В «царстве общих мест» (Ж.-П. Сартр) стало привычным сопоставление аналогичных идей в творчестве немецкого и русского писателей. Об этом говорили (сообщая, как выразился бы Стерн, столь невероятную, хотя и бесспорную истину), начиная с В. Соловьева: «В своем презрении к чистой этике и в своем культе самоутверждающейся силы и красоты Леонтьев предвосхитил послушника и оптинского монаха»14
, и кончая журналом «Вопросы истории»: философия Леонтьева «отдает… доморощенным ницшеанством, заявившем о себе до появления учения самого Ницше»15.Несомненно, вопрос о независимом друг от друга формировании миросозерцаний Ницше и Леонтьева16
определяется понятием алиби. В работах Леонтьева ни разу не встречается имя создателя «Генеалогии морили», как, например, фамилии Шопенгауэра или Э.фон Гартмана (которого Ницше и Леонтьев терпеть не могли). То же самое можно сказать и о книгах Ницше, где совсем не упоминается автор «Востока, России и славянства».Оба шли нехоженными тропами, зная, что их литературная деятельность преждевременна. Отсюда «лазурное одиночество» Ницше. «Мне надоело быть гласом вопиющего в пустыне», - срывалось у Леонтьева17
.Не ясно, однако, почему Леонтьев все же ничего не ведал о «душе самой мудрой, которую потихоньку приглашало к себе безумие»: В. Соловьев и Л. Толстой (с ними Леонтьев поддерживал просторные контакты на уровне личных встреч и публицистической полемики) печатно поносили декадентские каденции Ницше. В «Оправдании добра» (вышедшем при жизни Леонтьева) В. Соловьев дал «радостной науке» Ницше негативно поверхностную характеристику, что, кстати, не осталось незамеченным для Н. Бердяева.
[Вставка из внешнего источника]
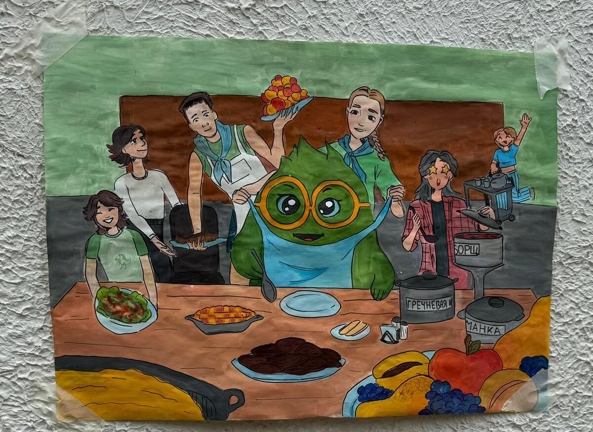 В летнем детском лагере, по мнению ребят, должна быть современная столовая со шведским столом, номера с душевыми комнатами, летний кинозал с новейшим оборудованием, отрядные беседки с креслами-мешками, удобным общим столом и вайфаем. Об этом они рассказали нарисовали плакаты во время "Ярмарки инициатив", которая прошла в Детском оздоровительном центре "Алые паруса" в Крыму. Это столовая, в которой дети угощают фантастического персонажа - инопланетянина ШкИБуса, символа профильной смены школьного инициативного бюджетирования "Школа у моря". В здании, построенном еще в СССР, дети хотят осовременить интерьер, а главное - ввести шведский стол, чтобы разнообразить питание. Как видим, в каждой спальне подростки хотят иметь душевую, ведь во многих лагерях, построенных еще при СССР, душевые комнаты общие. Кроме того, они хотят иметь больше тумбочек и мест для хранения, а также больше розеток, чтобы заряжать гаджеты. В лагере это не просто место, где можно посмотреть фильмы (хотя и фильмы тоже
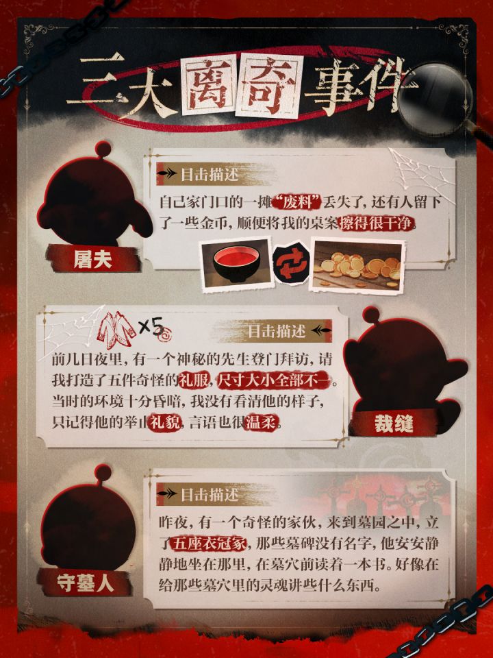 雾月王城近期传闻四起:屠夫案头丢失的“废料”,裁缝铺怪异的礼服订单,墓园新立的五座空冢,被处理干净的案发现场和遇害的神职人员......

В. Соловьев как-то сознался, что находит Константина Леонтьева «умнее Данилевского, оригинальнее Герцена и лично религиознее Достоевского»18
. Употребив гегелевский фразеологизм, он сделал вывод: «Леонтьев представляет необходимый момент в истории русского самопознания.19В 1922 г. журнал «Печать и революция» (№2) обмолвился о духовном родстве Герцена и Леонтьева. В наши дни в Герцене обнаруживают нечто имманентное С.Кьеркегору20
.Идеалом Кьеркегора был «рыцарь веры Авраам», праотец, к которому люди приближаются «со священным ужасом». Библейский патриарх занес нож над своим чадом, чтобы принести его в жертву, когда этого захотел Бог.
Леонтьев с восторгом говорил, как один из современных ему старообрядцев зарезал сына, ссылаясь на веление Господне. (Позднее эту историю пересказал ученик Леонтьева В.В. Розанов).